╭──

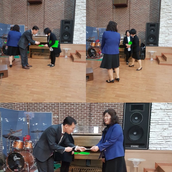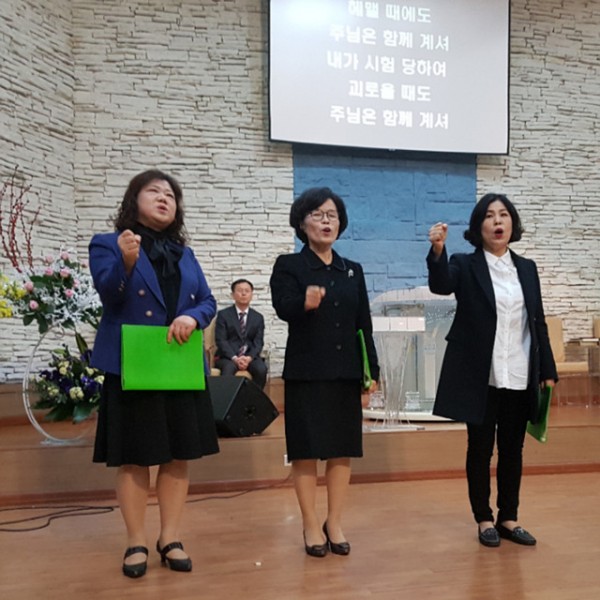 12주간의 강한 훈련을 마치고 수료하는 22기 염선숙 권사님, 서은숙 집사님, 김미숙 집사님
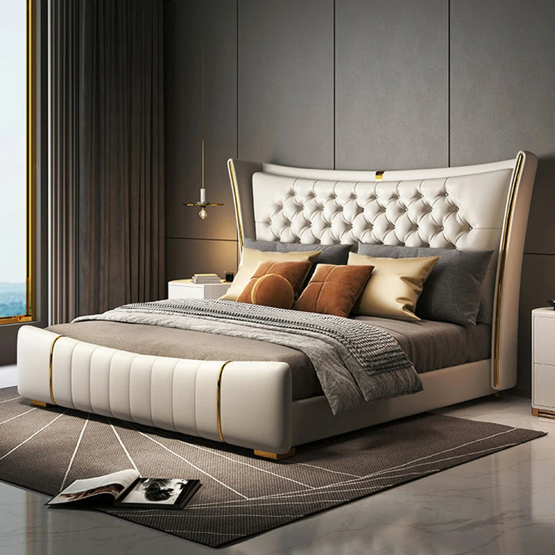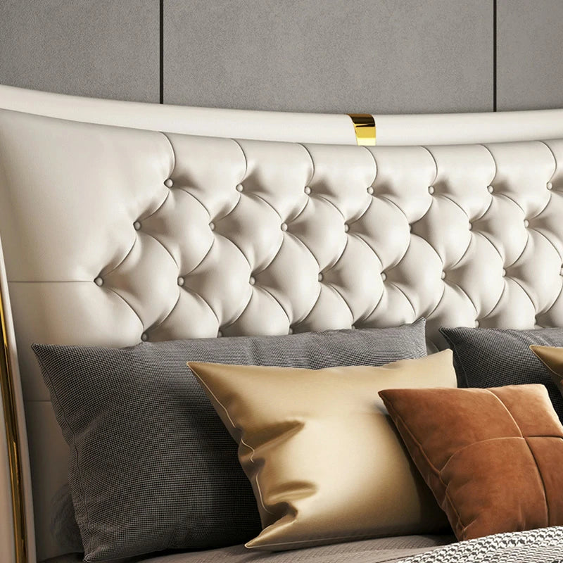 Los sutiles detalles dorados a lo largo del marco y la cabecera brindan un toque de glamour sin opacar el diseño limpio y moderno.
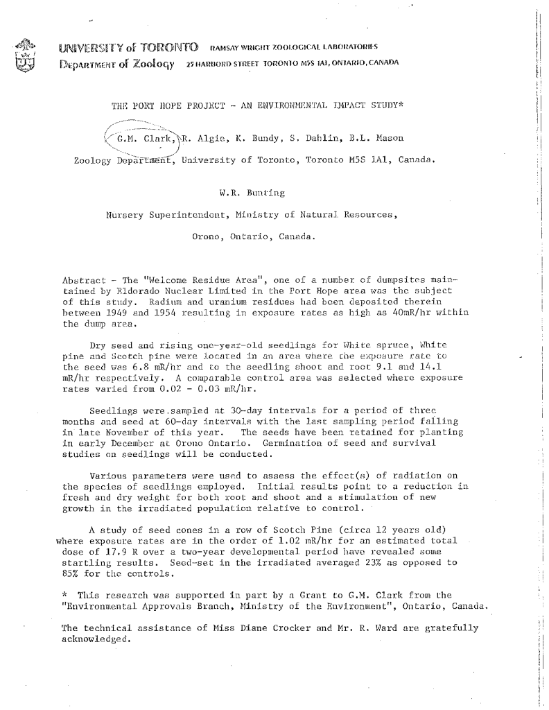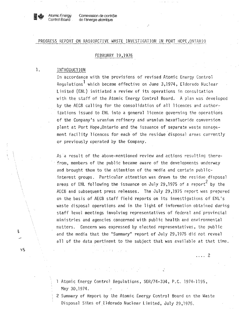 Progress report on radioactive waste investigation in Port Hope, Ontario

╰──

* _Directions_
All of the material above is to be copied exactly, with no pictures.

* _Written solution_
 12주간의 강한 훈련을 마치고 수료하는 22기 염선숙 권사님, 서은숙 집사님, 김미숙 집사님
 Los sutiles detalles dorados a lo largo del marco y la cabecera brindan un toque de glamour sin opacar el diseño limpio y moderno.
 Progress report on radioactive waste investigation in Port Hope, Ontario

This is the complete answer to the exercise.